Cultural appropriation is offensive

In an age of being politically correct and globalization, cultural appropriation is a term heard more and more. It, however, is not to be ignored. Cultural appropriation is damaging and offensive.

Driving back from a Thanksgiving in South Carolina we stopped to refuel at a place called “South of the Border” just south of North Carolina.
The place is essentially a standing example of what cultural appropriation is.
The whole town is adorned with cartoon-like sombreros and heavy-set Mexican men with mustaches and colorful sarapes riding equally cartoon-like donkeys.
Cultural appropriation is defined by the dictionary as “the inappropriate adoption of the customs, practices, ideas, of people by members of another and typically more dominant people.”
White girls wearing a traditional Hindu bindi as a “cool”piece of jewelry is cultural appropriation.
This is an example of cultural appropriation, because the girl is likely not aware of the religious significance of the bindi.
In an age of globalization and social media, cultural appropriation is inevitable, however there are cases of cultural appropriation which are unequivocally wrong and need to be avoided.
Do not do blackface.
Blackface is never okay.
This goes for any ethnic stereotype as well. When choosing a Hallowwen costume or any other costume, just avoid anything where your face would be painted a colour different than your own.
When it comes to any sacred garments or traditions, just avoid them.
To be clear– do not wear any sacred headdresses or take part in any sacred ceremonies.
There are certain areas of cultural appropriation where it seems like people are too sensitive and too quick to call appropriation.
There is a very real distinction between appropriation and appreciation.
One can have an understanding of the Japanese kimono and its significance and wear one without it being cultural appropriation.
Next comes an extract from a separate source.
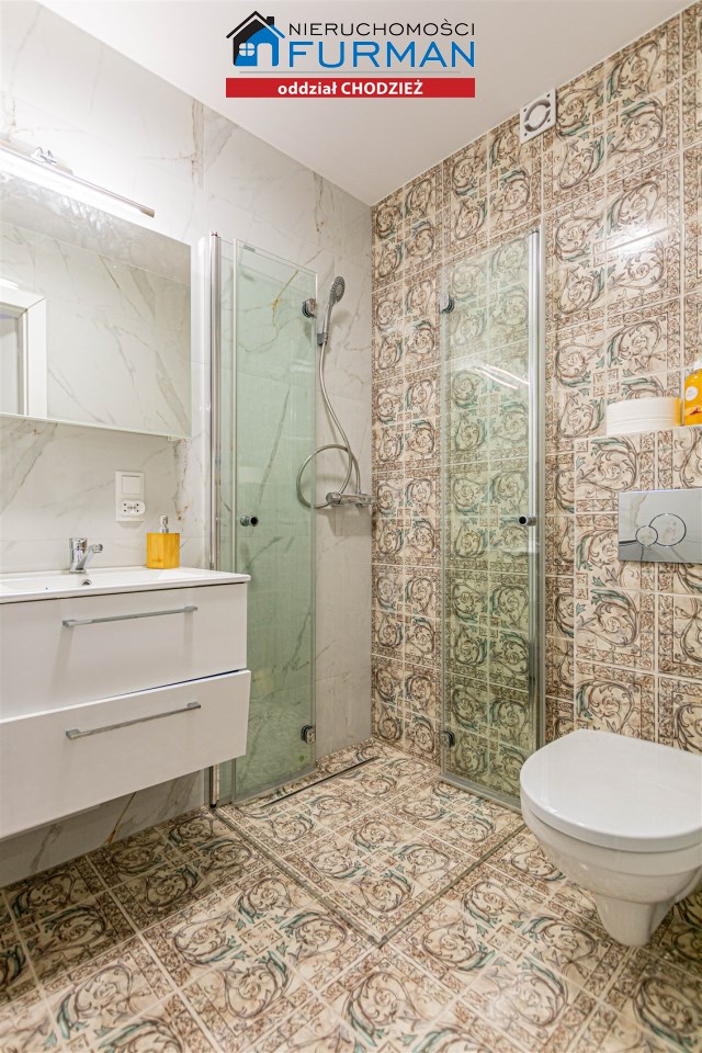 | Wyposażenie łazienki | kabina prysznicowa, lustro, pralka, umywalka, WC |

The reason for this is because the person wearing the kimono is coming from a place of appreciation and understanding for the culture from which the garment belongs.
A lesson of utmost importance, though, is to listen.
As people coming from a place of privilege, we must listen to when people deem something as inappropriate or cultural appropriation.
We cannot raise tempers, instead just listen and understand the arguments and learn from it.
With her recent cultural appropriation scandal, Kim Kardashian was called out for naming her new line of shapewear “Kimono.”
The argument being she was appropriating the Japanese garment by naming her shapewear after it and trademarking the name.
Kardashian responded to this claim by saying she meant it to be, “a nod to the beauty and detail that goes into a garment.”
This situation is more nuanced than a single person wearing a kimono, because Kardashian would be profiting off of the appropriation.
Whether her justifications were genuine or not, she would be profiting off of the appropriation, which is inherently wrong.
After the backlash against the name, Kardashian has renamed the brand to “SKIMS.”